A better name for this book would be "Dawkins, by Dawkins". It's a collection of articles written by Dawkins, selected by Dawkins himself.

The first thing I noticed is that, for a "smart" person, Dawkins surely can't write. It seems he tries to shove so much stuff in an article that, at some later point, you start asking yourself what the heck was the point he was trying to make to start with.

The other thing I noticed is how much he likes to quote other people. The very first article is so full of quotes, it feels like more than half of it is simply quotes. And absolutely a sloppy job in stitching them together.

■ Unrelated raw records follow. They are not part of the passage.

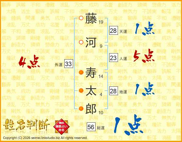 藤河寿太郎さんの総運は56画の1点!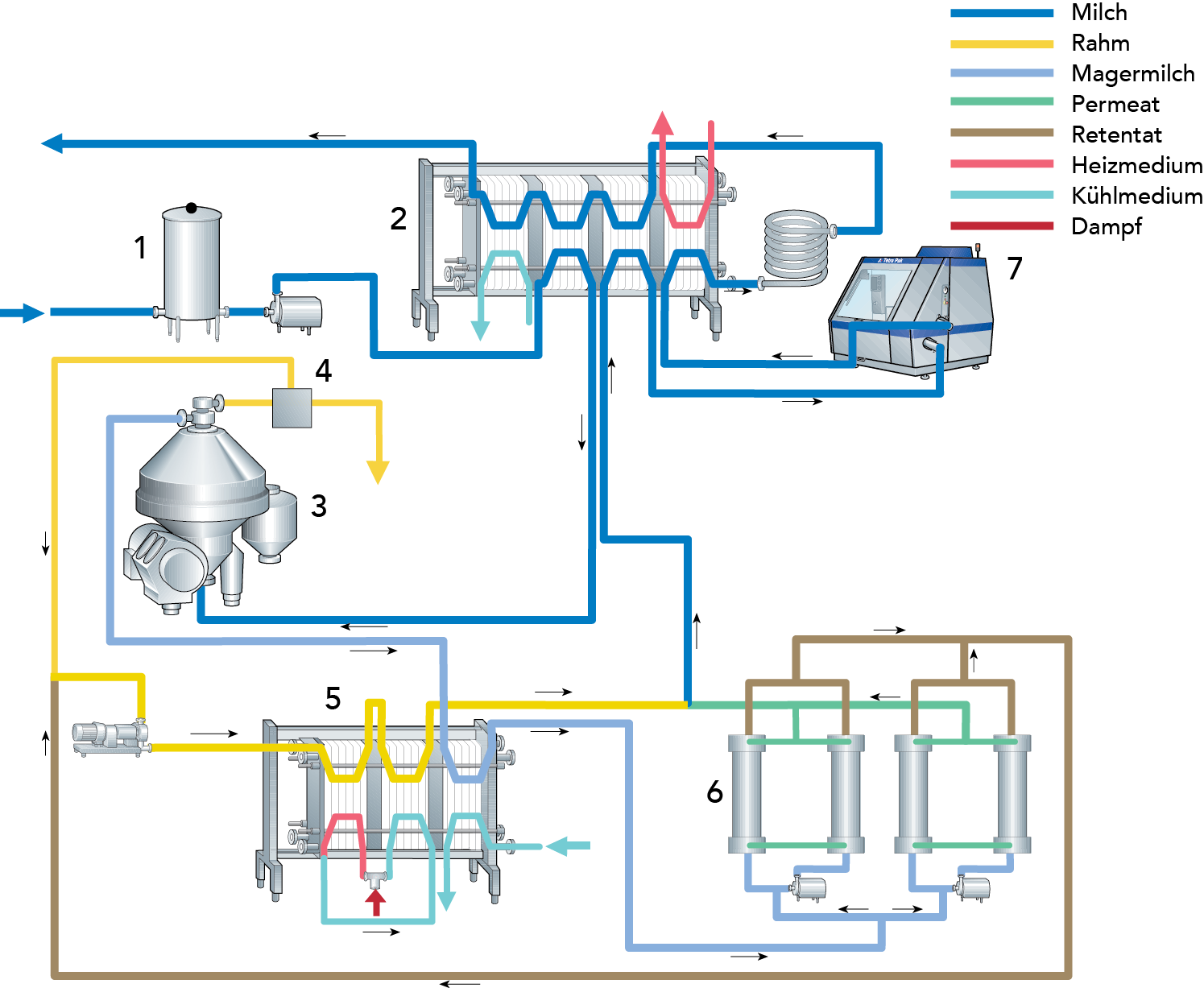 Der einfachste Prozess ist, die Vollmilch zu pasteurisieren. In diesem Fall besteht die Prozesslinie aus einem Pasteur, einem Puffertank sowie einer Abfüllmaschine. Werden verschiedene Trinkmilchsorten, wie z.B. Vollmilch, Magermilch und standardisierte Milch, mit unterschiedlichem Fettgehalt oder Sahne mit verschiedenen Fettstufen hergestellt, wird der Prozess jedoch komplizierter.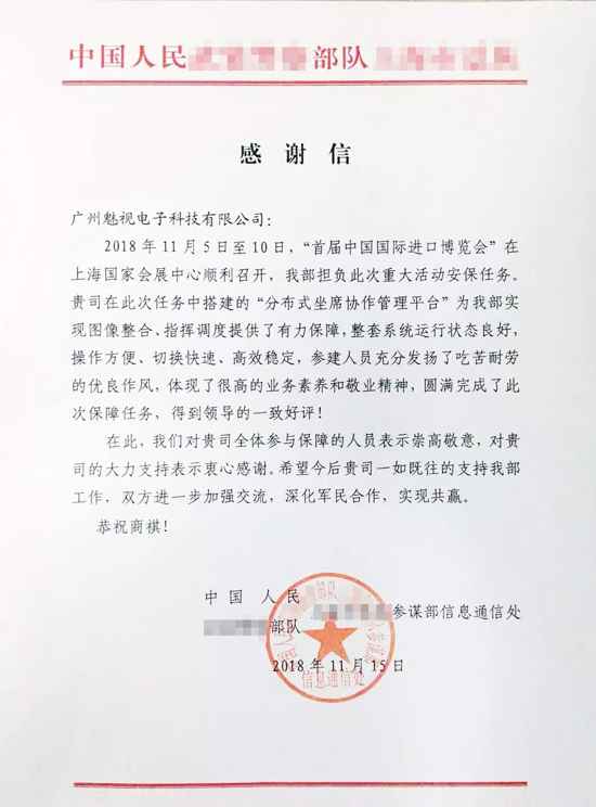 作为安保指控一体化系统与作战指挥中心整体解决方案的前沿技术赢领者——AVCiT魅视,又双叒一次参与国家级大型盛会活动的安保建设工作并发挥积极作用,全程助力WJ某部实力护航『首届中国国际进口博览会』圆满成功举办!

On top of that, there is a constant feeling that Dawkins believes he's "Neo-Darwinian Prime": The only person capable of talking about new Darwinian theories, and calling other theories wrong. I have the feeling that, in the foreword for a Stephen Gould book, Dawkins claimed the book was wrong. But, then again, with the mess Dawkins do with its ideas, I'm not actually sure if it was a review or a foreword.

And even if, through this book, Dawkins claims that he has a good relationship with Gould, the fact that he keeps claiming he believes Gould theories are wrong, and that general feeling that he's the only one that can claim to be neo Darwinian makes me believe that he, actually, didn't.

In general, I'm not even sure if this book gives a good impression of Dawkins.